You are viewing a plain text version of this content. The canonical link for it is here.
Posted to user@flink.apache.org by Andrew Otto <ot...@wikimedia.org> on 2022/06/09 12:29:06 UTC

Flink Shaded dependencies and extending Flink APIs

Hi all,

I'm working on an integration project trying to write some library code
that will allow us at the Wikimedia Foundation to use Flink with our 'Event
Platform <https://wikitech.wikimedia.org/wiki/Event_Platform>'.
Specifically, I'm trying to write a reusable step near the end of a
pipeline that will ensure our JSON events satisfy some criteria before
producing them to Kafka.  Details here
<https://phabricator.wikimedia.org/T310218>.

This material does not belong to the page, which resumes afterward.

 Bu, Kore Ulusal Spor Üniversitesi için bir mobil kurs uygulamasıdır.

I'm experimenting with writing my own custom format
<https://nightlies.apache.org/flink/flink-docs-master/docs/dev/table/sourcessinks/#encoding--decoding-formats>
to
do this.  But all I really need to do is override
JsonRowDataSerializationSchema's
serialize method
<https://github.com/apache/flink/blob/master/flink-formats/flink-json/src/main/java/org/apache/flink/formats/json/JsonRowDataSerializationSchema.java#L90-L101>
and
augment and validate the ObjectNode before it is serialized to byte[].

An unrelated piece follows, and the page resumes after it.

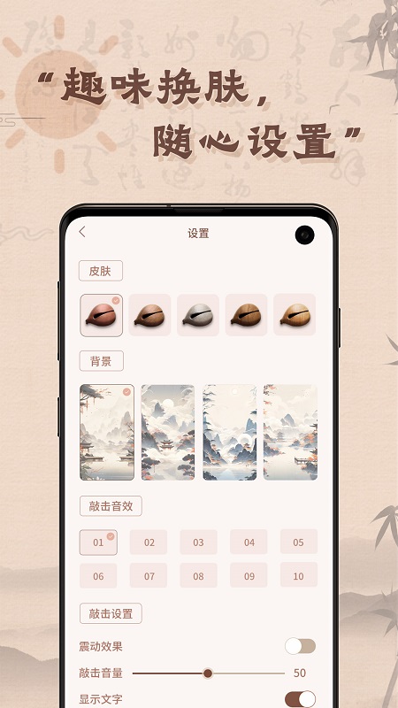 木鱼有心最突出的特色在于其深度的个性化定制能力。它提供了真正意义上的皮肤自定义,让你能随心装扮你的木鱼外观和应用背景,每一次使用都充满新鲜感。选择的多样性是其另一核心优势:多样的敲击音效、海量的背景皮肤、丰富的背景音乐库,以及随心切换的自动/手动模式,确保你能根据自己的心情和场景,找到最契合当下的组合。它还融入了轻量化互动元素,如自定义祝福文字和功德积累机制,让传统的木鱼敲击焕发出新的活力与趣味。

I'm running into an issue where the ObjectNode that is used by Flink here
is the shaded one: org.apache.flink.shaded.jackson2.com.fasterxml.jackson.
databind.node.ObjectNode, whereas the WMF code
<https://gerrit.wikimedia.org/r/plugins/gitiles/wikimedia-event-utilities/+/refs/heads/master/eventutilities/src/main/java/org/wikimedia/eventutilities/core/event/JsonEventGenerator.java#85>
I want to use to augment the ObjectNode is using a regular non shaded one.
I can't pass the shaded ObjectNode instance to a function that takes a non
shaded one, and I can't cast the shaded ObjectNode to non shaded either.

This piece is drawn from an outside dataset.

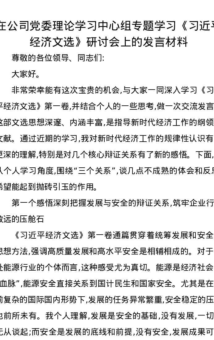 在公司党委理论学习中心组专题学习《习近平经济文选》研讨会上的发言材料

My Q is: is there a way to extend Flink APIs that use shaded dependencies?
I suppose I could copy/paste the whole of the "json" format code that I
need into my project and just make it my own, but this feels quite
obnoxious.

Thank you!
-Andrew Otto
 Wikimedia Foundation

Re: Flink Shaded dependencies and extending Flink APIs

Posted by Andrew Otto <ot...@wikimedia.org>.
Hi all thanks for the responses.

> Create a module let's say "wikimedia-event-utilities-shaded"
This actually doesn't help me, as wikimedia-event-utilities is used as an
API by non Flink stuff too, so I don't want to use the shaded ObjectNode in
the API params.

> Another solution is that you can serialize then deserialize the "different"
ObjectNode
Haha, I thought of this too and then was like...no way, too crazy!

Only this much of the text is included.